--- YOUR INSTRUCTIONS ---
Locate the word "Figure" in the entries below, then gather every line that holds it.

--- INFORMATION GIVEN ---
****
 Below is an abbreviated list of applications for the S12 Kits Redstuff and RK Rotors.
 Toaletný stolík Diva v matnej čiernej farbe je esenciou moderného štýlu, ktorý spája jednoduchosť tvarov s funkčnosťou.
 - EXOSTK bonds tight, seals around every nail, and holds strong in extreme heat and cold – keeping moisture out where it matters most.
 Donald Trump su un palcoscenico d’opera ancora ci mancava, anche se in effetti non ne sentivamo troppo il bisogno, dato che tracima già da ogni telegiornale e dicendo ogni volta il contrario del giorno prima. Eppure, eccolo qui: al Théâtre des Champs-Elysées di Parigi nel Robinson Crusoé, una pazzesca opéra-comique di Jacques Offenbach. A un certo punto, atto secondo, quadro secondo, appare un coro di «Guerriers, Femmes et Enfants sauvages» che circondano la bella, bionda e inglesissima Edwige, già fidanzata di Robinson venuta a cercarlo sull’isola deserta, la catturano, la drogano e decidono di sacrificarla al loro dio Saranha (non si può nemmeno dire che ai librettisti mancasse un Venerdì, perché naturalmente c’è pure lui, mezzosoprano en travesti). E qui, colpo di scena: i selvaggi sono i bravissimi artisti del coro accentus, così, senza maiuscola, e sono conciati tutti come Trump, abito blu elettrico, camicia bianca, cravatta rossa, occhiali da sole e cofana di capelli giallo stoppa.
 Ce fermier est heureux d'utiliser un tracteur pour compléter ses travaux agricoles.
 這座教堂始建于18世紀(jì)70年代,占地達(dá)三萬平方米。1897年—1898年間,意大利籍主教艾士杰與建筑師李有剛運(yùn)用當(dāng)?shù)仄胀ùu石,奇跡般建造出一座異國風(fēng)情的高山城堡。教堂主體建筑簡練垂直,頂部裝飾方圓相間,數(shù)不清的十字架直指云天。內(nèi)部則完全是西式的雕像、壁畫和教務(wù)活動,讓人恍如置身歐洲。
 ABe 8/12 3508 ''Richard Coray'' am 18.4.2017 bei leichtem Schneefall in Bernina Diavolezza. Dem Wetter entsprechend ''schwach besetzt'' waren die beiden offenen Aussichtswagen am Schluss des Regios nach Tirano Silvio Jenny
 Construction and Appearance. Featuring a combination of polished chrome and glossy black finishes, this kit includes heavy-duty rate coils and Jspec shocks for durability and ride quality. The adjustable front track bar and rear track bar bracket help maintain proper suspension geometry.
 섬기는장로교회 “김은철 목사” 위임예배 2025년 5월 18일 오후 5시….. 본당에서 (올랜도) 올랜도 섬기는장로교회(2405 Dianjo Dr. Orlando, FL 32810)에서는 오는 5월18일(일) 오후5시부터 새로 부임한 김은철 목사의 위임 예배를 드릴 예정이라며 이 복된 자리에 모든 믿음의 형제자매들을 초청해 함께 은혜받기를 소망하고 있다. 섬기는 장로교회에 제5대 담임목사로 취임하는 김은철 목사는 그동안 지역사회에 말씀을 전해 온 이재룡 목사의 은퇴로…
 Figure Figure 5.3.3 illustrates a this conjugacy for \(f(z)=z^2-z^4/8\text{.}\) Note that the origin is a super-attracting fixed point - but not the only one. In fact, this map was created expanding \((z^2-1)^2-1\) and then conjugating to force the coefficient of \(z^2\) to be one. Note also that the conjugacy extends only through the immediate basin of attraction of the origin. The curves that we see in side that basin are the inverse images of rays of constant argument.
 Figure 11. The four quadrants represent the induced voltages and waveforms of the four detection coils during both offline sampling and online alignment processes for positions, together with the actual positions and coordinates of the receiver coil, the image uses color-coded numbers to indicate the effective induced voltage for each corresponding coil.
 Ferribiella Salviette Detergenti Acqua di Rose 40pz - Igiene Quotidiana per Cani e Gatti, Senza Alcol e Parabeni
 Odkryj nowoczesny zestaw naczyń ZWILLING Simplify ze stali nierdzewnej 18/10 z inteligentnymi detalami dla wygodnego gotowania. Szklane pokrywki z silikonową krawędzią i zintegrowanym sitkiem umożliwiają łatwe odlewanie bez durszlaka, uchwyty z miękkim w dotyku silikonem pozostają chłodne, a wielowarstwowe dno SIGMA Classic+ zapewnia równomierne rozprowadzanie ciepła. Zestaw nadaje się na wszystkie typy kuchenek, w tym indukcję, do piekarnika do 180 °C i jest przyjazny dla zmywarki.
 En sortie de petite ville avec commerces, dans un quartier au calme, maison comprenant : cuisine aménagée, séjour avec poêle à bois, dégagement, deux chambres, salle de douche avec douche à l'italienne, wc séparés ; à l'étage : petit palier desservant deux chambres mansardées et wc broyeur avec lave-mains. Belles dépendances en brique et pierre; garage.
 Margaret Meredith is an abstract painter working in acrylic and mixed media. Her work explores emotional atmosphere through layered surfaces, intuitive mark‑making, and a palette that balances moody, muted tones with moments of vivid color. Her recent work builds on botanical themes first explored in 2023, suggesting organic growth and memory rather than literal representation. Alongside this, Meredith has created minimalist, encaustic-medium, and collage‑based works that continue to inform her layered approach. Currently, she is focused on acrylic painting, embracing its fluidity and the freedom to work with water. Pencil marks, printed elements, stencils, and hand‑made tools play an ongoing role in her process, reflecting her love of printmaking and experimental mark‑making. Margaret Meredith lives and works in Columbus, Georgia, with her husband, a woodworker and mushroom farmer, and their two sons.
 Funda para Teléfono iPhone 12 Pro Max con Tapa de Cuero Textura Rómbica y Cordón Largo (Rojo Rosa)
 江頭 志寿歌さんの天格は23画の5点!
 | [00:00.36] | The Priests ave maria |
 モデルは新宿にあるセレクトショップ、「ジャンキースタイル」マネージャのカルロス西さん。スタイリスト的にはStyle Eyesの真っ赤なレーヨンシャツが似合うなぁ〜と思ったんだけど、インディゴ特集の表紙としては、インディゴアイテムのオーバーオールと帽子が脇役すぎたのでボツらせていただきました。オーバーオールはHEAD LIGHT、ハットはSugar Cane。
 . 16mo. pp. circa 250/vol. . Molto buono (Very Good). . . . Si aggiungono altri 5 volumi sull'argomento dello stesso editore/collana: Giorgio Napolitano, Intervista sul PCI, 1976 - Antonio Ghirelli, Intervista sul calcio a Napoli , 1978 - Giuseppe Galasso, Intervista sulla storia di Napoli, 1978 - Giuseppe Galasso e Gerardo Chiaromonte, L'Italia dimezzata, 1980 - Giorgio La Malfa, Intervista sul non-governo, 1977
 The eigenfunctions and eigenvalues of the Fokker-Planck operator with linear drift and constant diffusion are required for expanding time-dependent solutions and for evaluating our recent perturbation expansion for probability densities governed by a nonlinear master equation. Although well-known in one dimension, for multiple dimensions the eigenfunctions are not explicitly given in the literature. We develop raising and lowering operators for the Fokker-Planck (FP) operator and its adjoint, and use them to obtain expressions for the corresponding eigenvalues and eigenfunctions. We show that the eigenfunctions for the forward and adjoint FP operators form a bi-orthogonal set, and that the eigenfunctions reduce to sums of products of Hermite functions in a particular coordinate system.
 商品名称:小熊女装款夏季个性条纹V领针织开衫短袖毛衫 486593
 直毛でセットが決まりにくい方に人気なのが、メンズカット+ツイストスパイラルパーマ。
****
--- ANSWER TO THIS TASK ---
 Figure Figure 5.3.3 illustrates a this conjugacy for \(f(z)=z^2-z^4/8\text{.}\) Note that the origin is a super-attracting fixed point - but not the only one. In fact, this map was created expanding \((z^2-1)^2-1\) and then conjugating to force the coefficient of \(z^2\) to be one. Note also that the conjugacy extends only through the immediate basin of attraction of the origin. The curves that we see in side that basin are the inverse images of rays of constant argument.
 Figure 11. The four quadrants represent the induced voltages and waveforms of the four detection coils during both offline sampling and online alignment processes for positions, together with the actual positions and coordinates of the receiver coil, the image uses color-coded numbers to indicate the effective induced voltage for each corresponding coil.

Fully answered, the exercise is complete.